(TASK OBJECTIVE): Retype each record exactly; no pictures.

(RECORDS SHOWN):
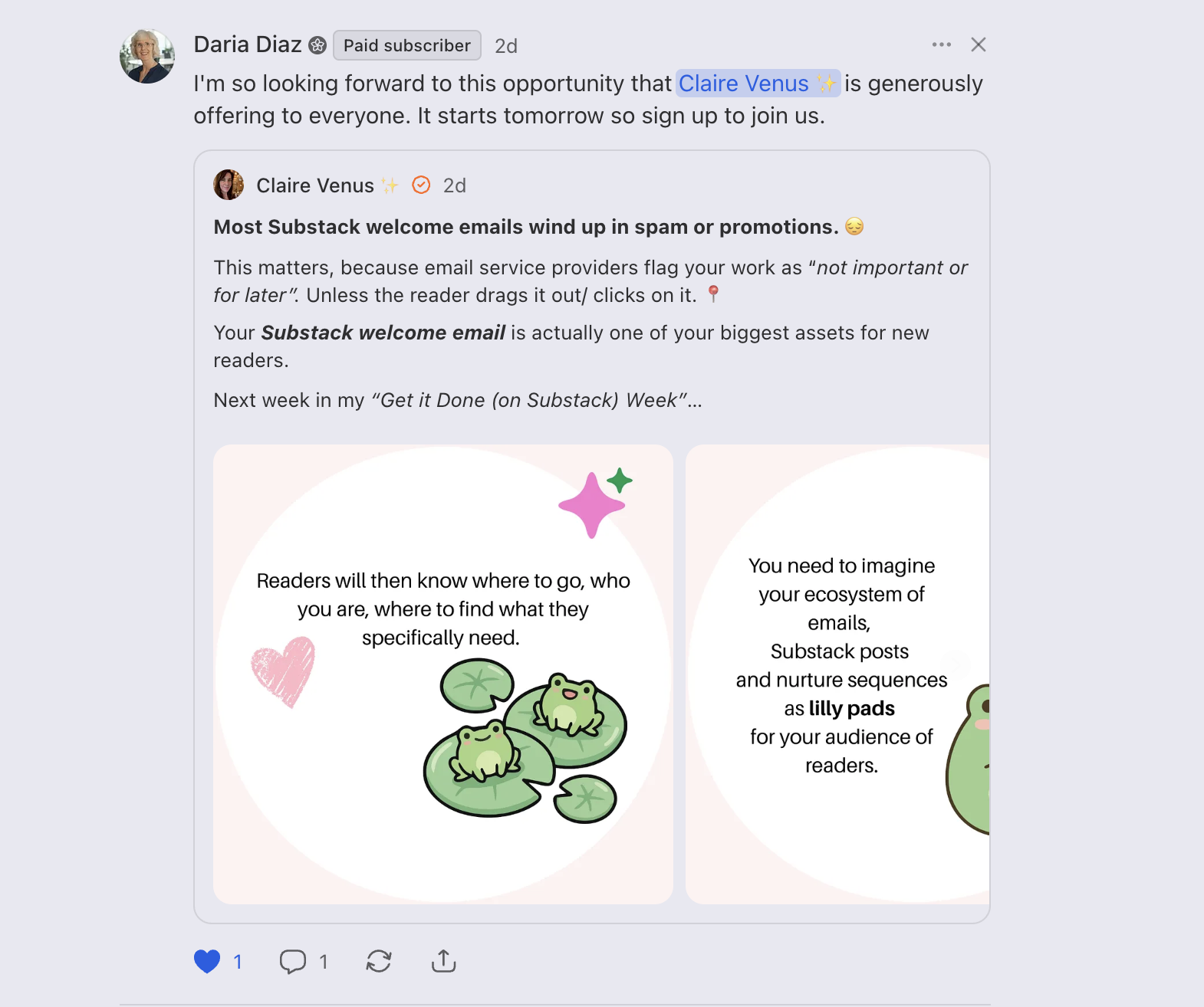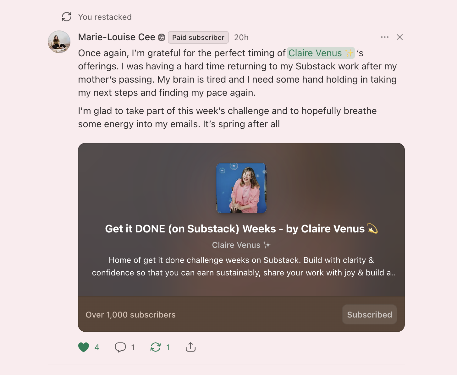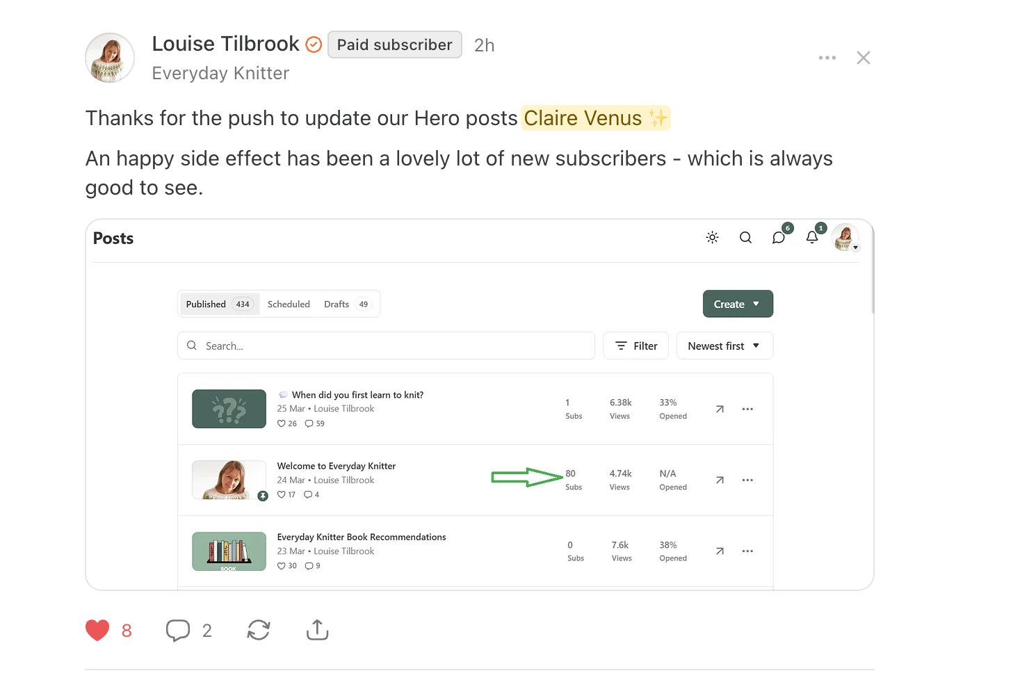 Hi, I'm Claire. I'm an Engagement Consultant and Mentor and I started my journey with Substack in 2022. I've built my audience to 15k readers across two publications, work with over 500 members and I'm so excited to share more with you. Come join us.
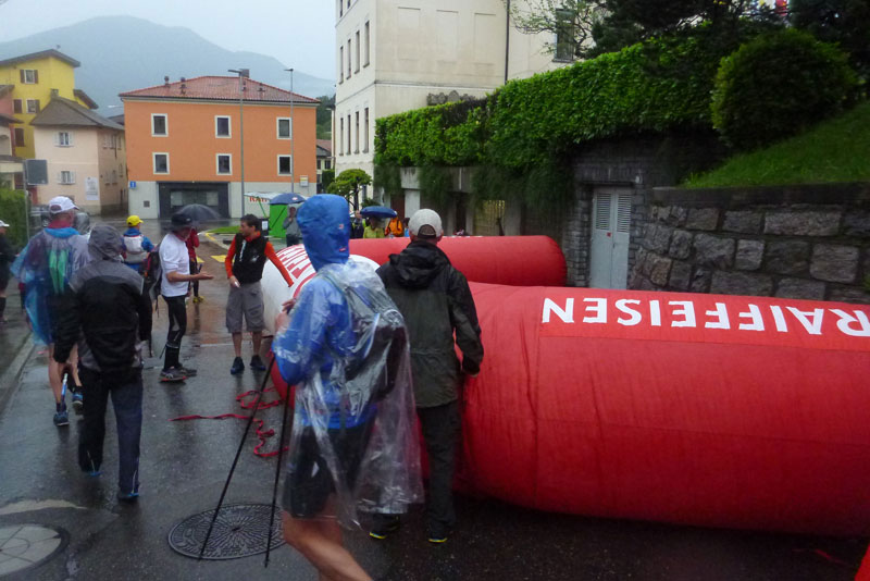 Als Startzeit ist 7:00 Uhr vorhergesehen. 30 Minuten vor dem Start sollte eigentlich ein Briefing stattfinden. Hier ist nichts. Ich marschiere zum Startplatz in die Stadtmitte, auch hier haben sich nur ganz wenige eingefunden. Ich frage einige Deutsch sprechende, niemand weiß etwas. Ich bin bereits durch die Regenjacke nass, lege noch einen Plastikponcho an. Kurz vor 7 Uhr beginnt man erst mit dem Aufbau des aufblasbaren Startbogens. Ist man hier wirklich so locker drauf: Dolce Vita in Ticino oder so ähnlich? Oder habe ich irgendwas verpasst? Um 7 Uhr geht ein Micro an: La partenza delle gare 54K e 24K é ritardata alle 8h00. Später noch übersetzt ins Englische: Der Start ist auf 8 Uhr verschoben. Die Startverschiebung wurde per Mail bereits um 6 Uhr versandt. Die Mail lese ich, als ich wieder zu Hause bin …
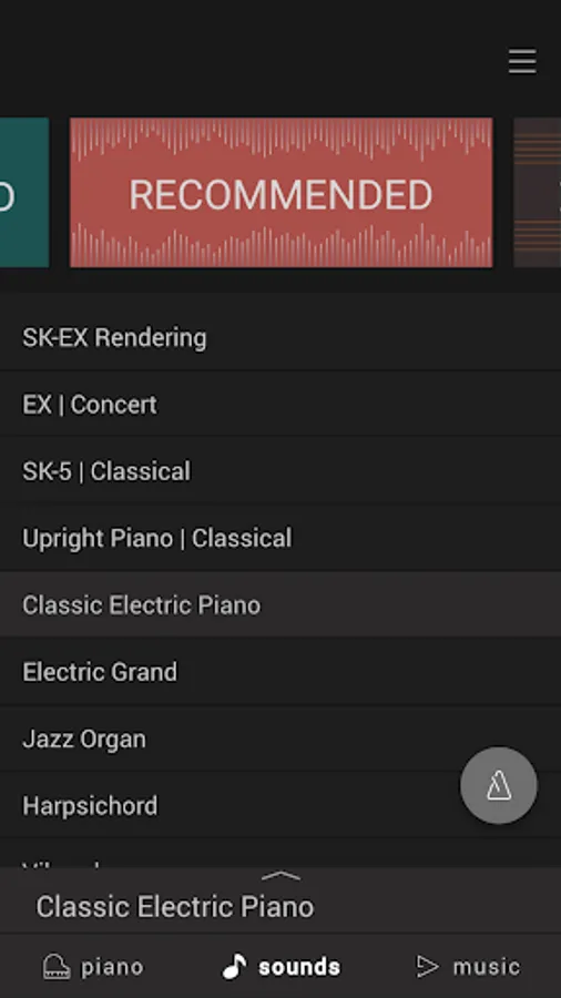 PianoRemote allows various functions of the digital/hybrid piano to be easily selected.
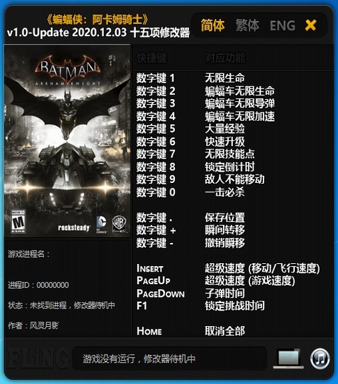 蝙蝠侠阿甘骑士十五项修改器风灵月影版功能介绍:
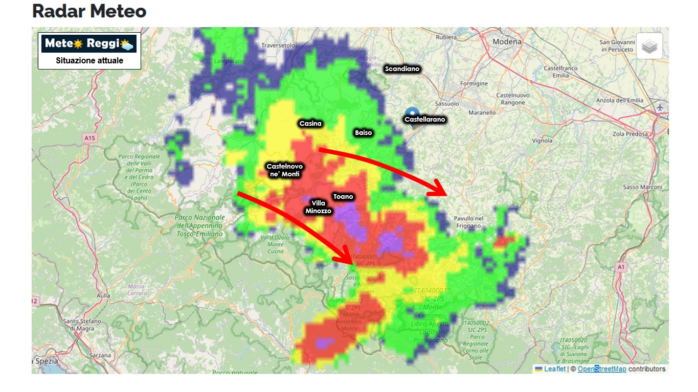 Forti rovesci stanno interessando attualmente le valli di Dolo e Secchia in spostamento verso il modenese. Localmente si è mostrata anche la grandine nei comuni di Ventasso, Villa Minozzo e Toano.
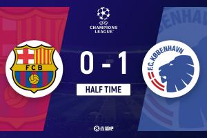 上半场补时1分钟,巴萨0-1哥本哈根。
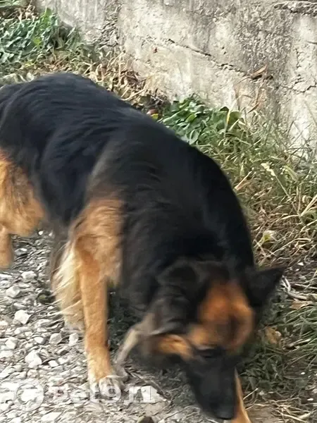 Овчарка, в ошейнике цвета хаки, без агрессии,...
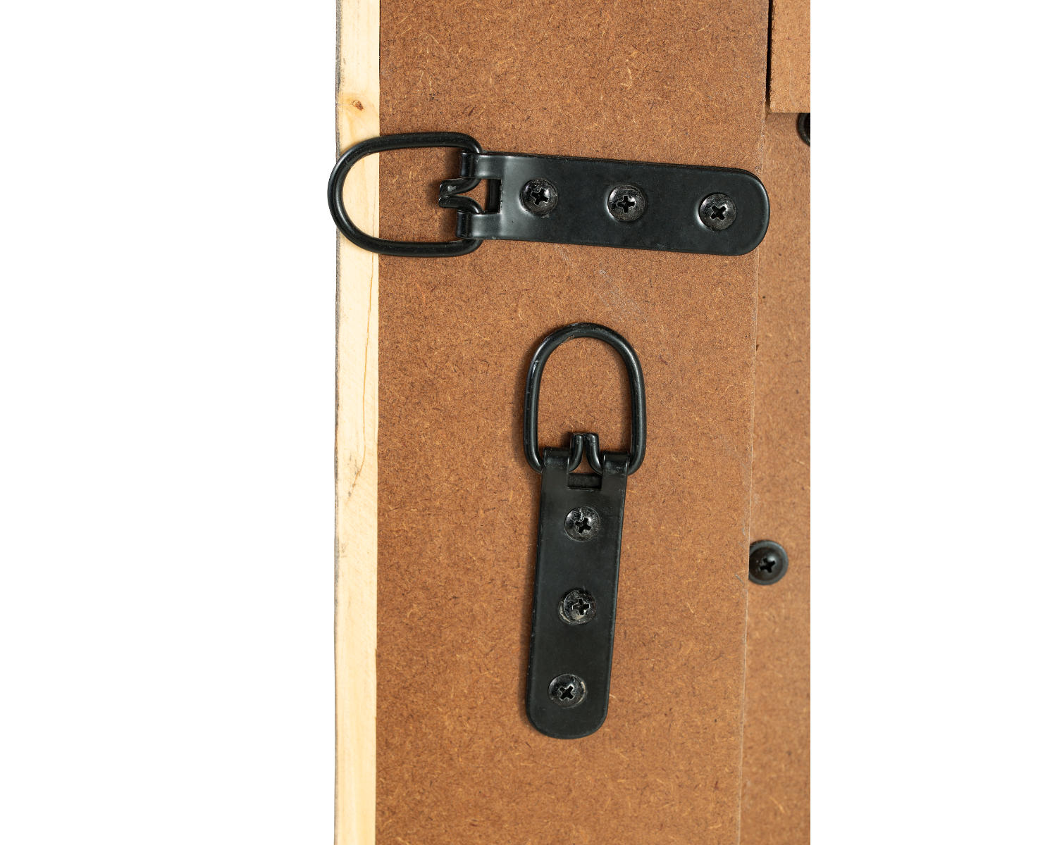 Distressed brown finished wood accent mirror. Keyhole bracket for hanging. Vertical and horizontal hanging. Due to the use of natural materials, some variations may occur.
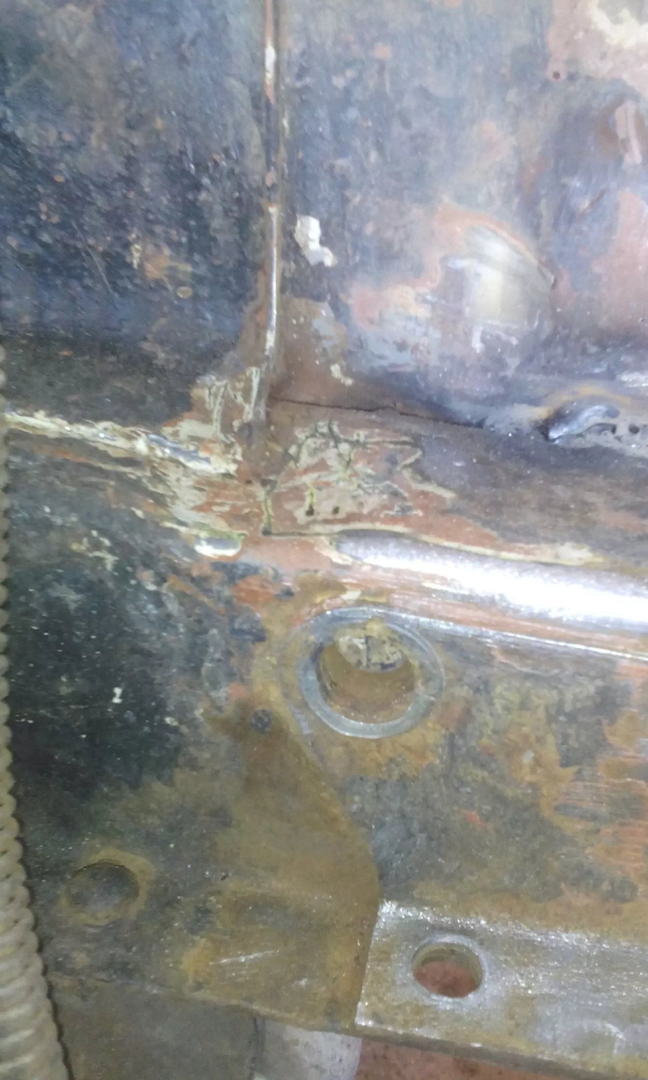 Также, обнаружил след прошлого — оказывается машина билась) при этом брызговики остались целыми и родными. но лонжерон все-таки слегка погнут в передней части. хотел сначала попробовать вытянуть — теоретически возможность есть, но посмотрим как пойдет.
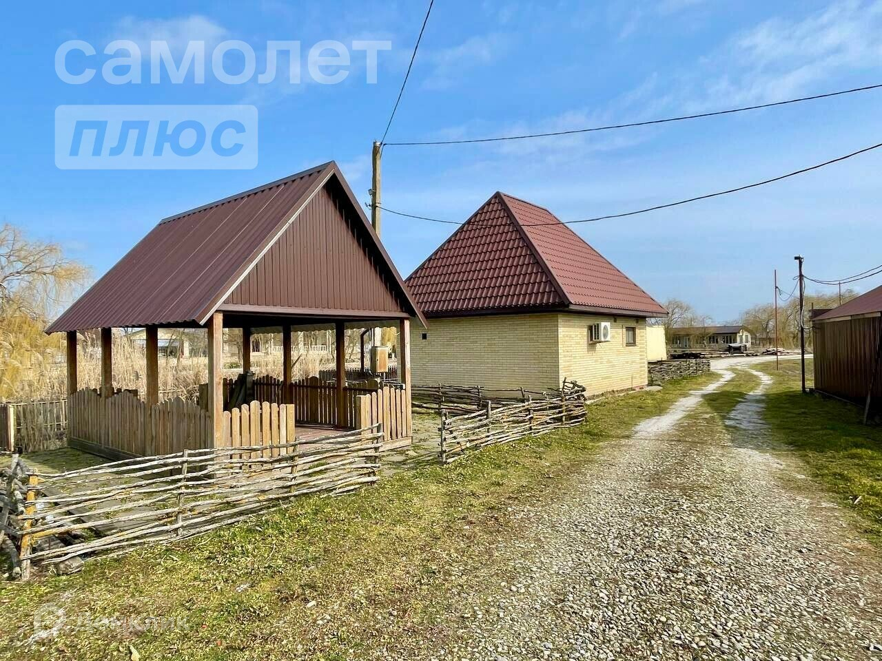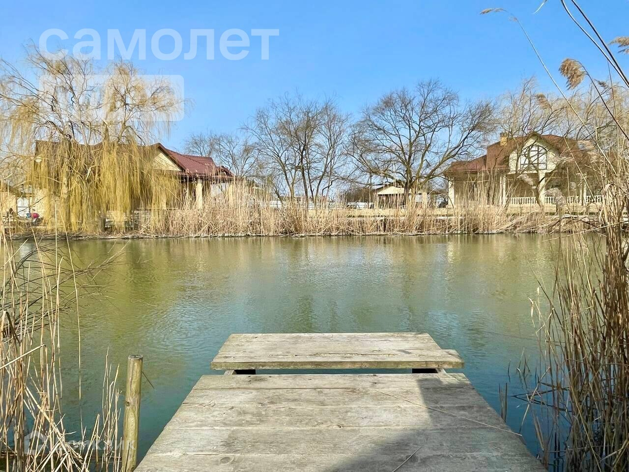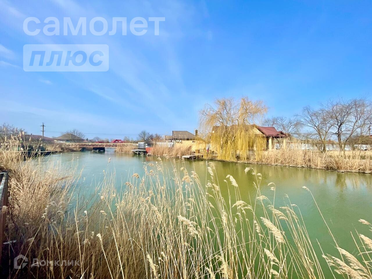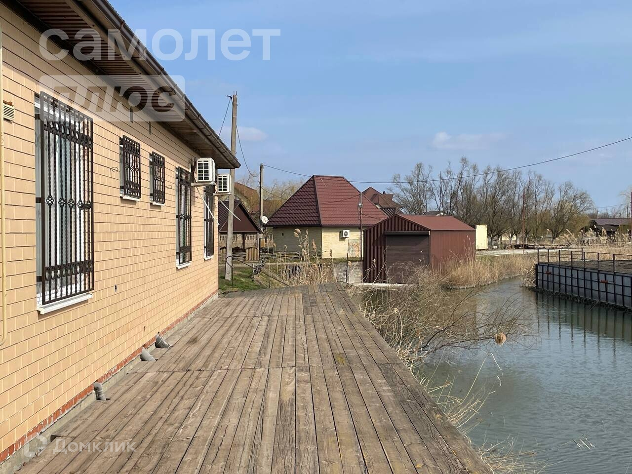 На полуострове, который омывают два канала располагаются различные фруктовые деревья, две беседки, три пристани, гараж, два жилых вагончика, оборудованный гостевой дом 29м кв, и дом 164м кв.

(EXERCISE RESULT):
 Hi, I'm Claire. I'm an Engagement Consultant and Mentor and I started my journey with Substack in 2022. I've built my audience to 15k readers across two publications, work with over 500 members and I'm so excited to share more with you. Come join us.
 Als Startzeit ist 7:00 Uhr vorhergesehen. 30 Minuten vor dem Start sollte eigentlich ein Briefing stattfinden. Hier ist nichts. Ich marschiere zum Startplatz in die Stadtmitte, auch hier haben sich nur ganz wenige eingefunden. Ich frage einige Deutsch sprechende, niemand weiß etwas. Ich bin bereits durch die Regenjacke nass, lege noch einen Plastikponcho an. Kurz vor 7 Uhr beginnt man erst mit dem Aufbau des aufblasbaren Startbogens. Ist man hier wirklich so locker drauf: Dolce Vita in Ticino oder so ähnlich? Oder habe ich irgendwas verpasst? Um 7 Uhr geht ein Micro an: La partenza delle gare 54K e 24K é ritardata alle 8h00. Später noch übersetzt ins Englische: Der Start ist auf 8 Uhr verschoben. Die Startverschiebung wurde per Mail bereits um 6 Uhr versandt. Die Mail lese ich, als ich wieder zu Hause bin …
 PianoRemote allows various functions of the digital/hybrid piano to be easily selected.
 蝙蝠侠阿甘骑士十五项修改器风灵月影版功能介绍:
 Forti rovesci stanno interessando attualmente le valli di Dolo e Secchia in spostamento verso il modenese. Localmente si è mostrata anche la grandine nei comuni di Ventasso, Villa Minozzo e Toano.
 上半场补时1分钟,巴萨0-1哥本哈根。
 Овчарка, в ошейнике цвета хаки, без агрессии,...
 Distressed brown finished wood accent mirror. Keyhole bracket for hanging. Vertical and horizontal hanging. Due to the use of natural materials, some variations may occur.
 Также, обнаружил след прошлого — оказывается машина билась) при этом брызговики остались целыми и родными. но лонжерон все-таки слегка погнут в передней части. хотел сначала попробовать вытянуть — теоретически возможность есть, но посмотрим как пойдет.
 На полуострове, который омывают два канала располагаются различные фруктовые деревья, две беседки, три пристани, гараж, два жилых вагончика, оборудованный гостевой дом 29м кв, и дом 164м кв.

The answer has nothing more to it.